Interpretable image-based machine learning models in healthcare
Neural networks can be great at solving problems, but they sometimes give wrong answers. Would you trust an algorithm that got life-saving information right 80% of the time?
Summer of Research
Project by Harper Shen, University of Auckland, supervised by Quentin Thurier (Orion Health) and Dr Yun Sing Koh (University of Auckland).Neural networks can be great at solving problems, but they sometimes give wrong answers. Would you trust an algorithm that got life-saving information right 80% of the time? It is easier to trust when you can see how it made its prediction.
Neural networks have been used successfully to analyse medical images with higher accuracy than humans, particularly radiology images such as x-rays. However, these algorithms can be easily fooled by random patterns, and sometimes make mistakes that would be obvious to a human. [1]
Harper Shen developed a neural network that identifies skin cancer from photos and creates easily-interpretable images to show how it came to its conclusion. A doctor or even an untrained person can look at these images and see if the algorithm analysed the wrong part of the image.
The algorithm is a convolutional neural network, a deep neural network with multiple layers for image analysis. It is trained with the ISIC 2018 dataset of skin images, and it identifies different types of cancerous and non-cancerous skin lesions.
Training a neural network for medical images is difficult. Modern neural networks are designed to identify distinct objects such as bicycles, tables, and people. Different types of skin lesion have similar attributes to analyse, such as dots and streaks. Some images contain two lesion types.
Harper’s neural network uses two types of image interpretation: Class activation maps and saliency maps. Each has a different method of detecting changes in colour across an image. Class activation maps are more widely used to interpret medical images, and they are used to improve accuracy in Harper’s algorithm.
The neural network produces two heat maps, one for each of the algorithm’s interpretation methods. These look like the original image, but with hot spots to show which parts of the image the algorithm analysed to come to its conclusion.
If the hot spot is directly over the skin lesion, the user can be reasonably confident of the result. If the hot spot is over another part of the image, such as a birthmark, scar, body hair, or shadow, the user will know the analysis is inaccurate.

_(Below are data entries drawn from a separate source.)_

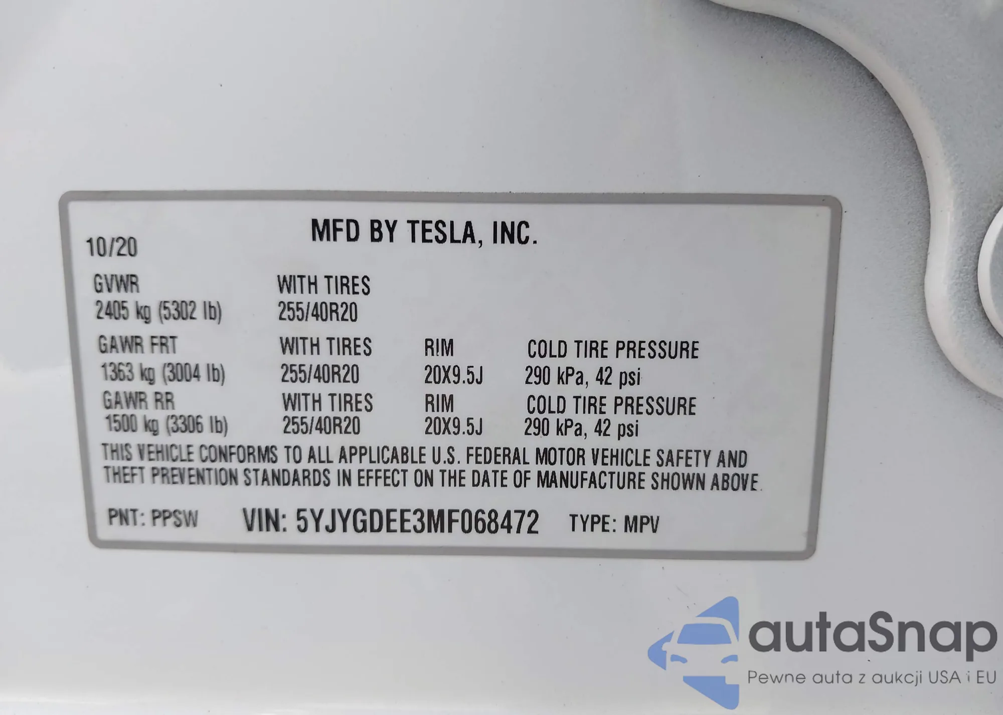 VIN: 5YJYGDEE3MF068472
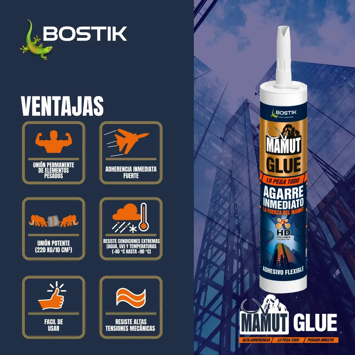 Bostik Mamut Glue es un adhesivo híbrido de alto rendimiento, ideal tanto para profesionales como para uso en bricolaje.
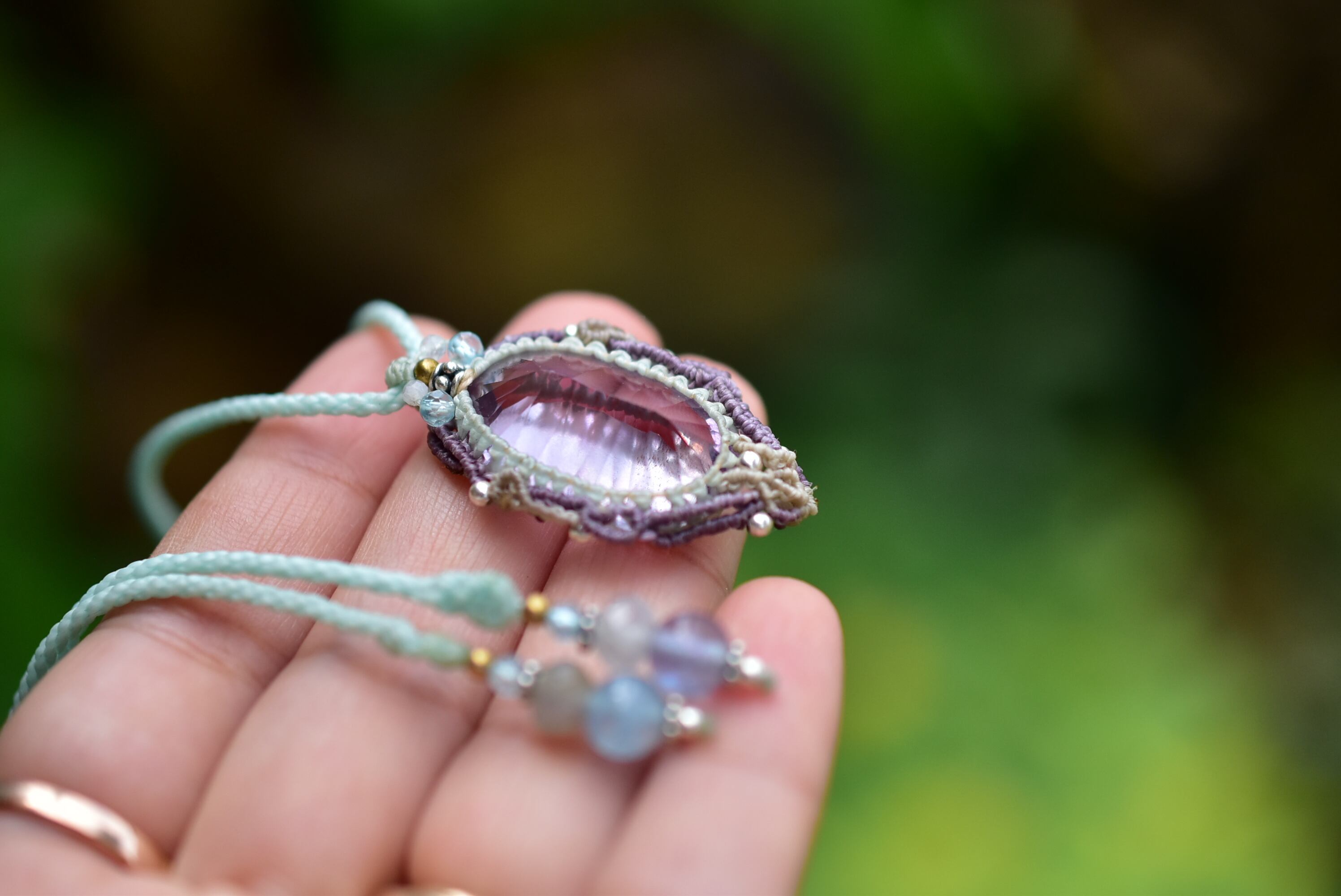 シンプルでいて、特徴あるマクラメ編みペンダントに仕上げました

The algorithm may offer two different predictions of a lesion’s type, with hotspots to guide the user as to which result is more likely correct. It is more useful than standalone neural network with no heat maps, where the user must guess which of the analysis methods to trust based on probability.
Harper added a second stage to the algorithm to improve accuracy using information from the heat maps. The two-stage algorithm was 83.6% accurate in testing, and the heat maps demonstrate a way for users to easily see how it came to its predictions.
Harper Shen is one of 10 students who took part in the Summer of Research programme funded by Precision Driven Health. The research is at an early “proof of concept” stage. The projects offer fresh insights into what healthcare will look like when precision medicine is widely used.
- Anh Nguyen, Jason Yosinski, and Jeff Clune. Deep neural networks are easily fooled: High confidence predictions for unrecognizable images. In Proceedings of the IEEE Conference on Computer Vision and Pattern Recognition, pages 427–436, 2015.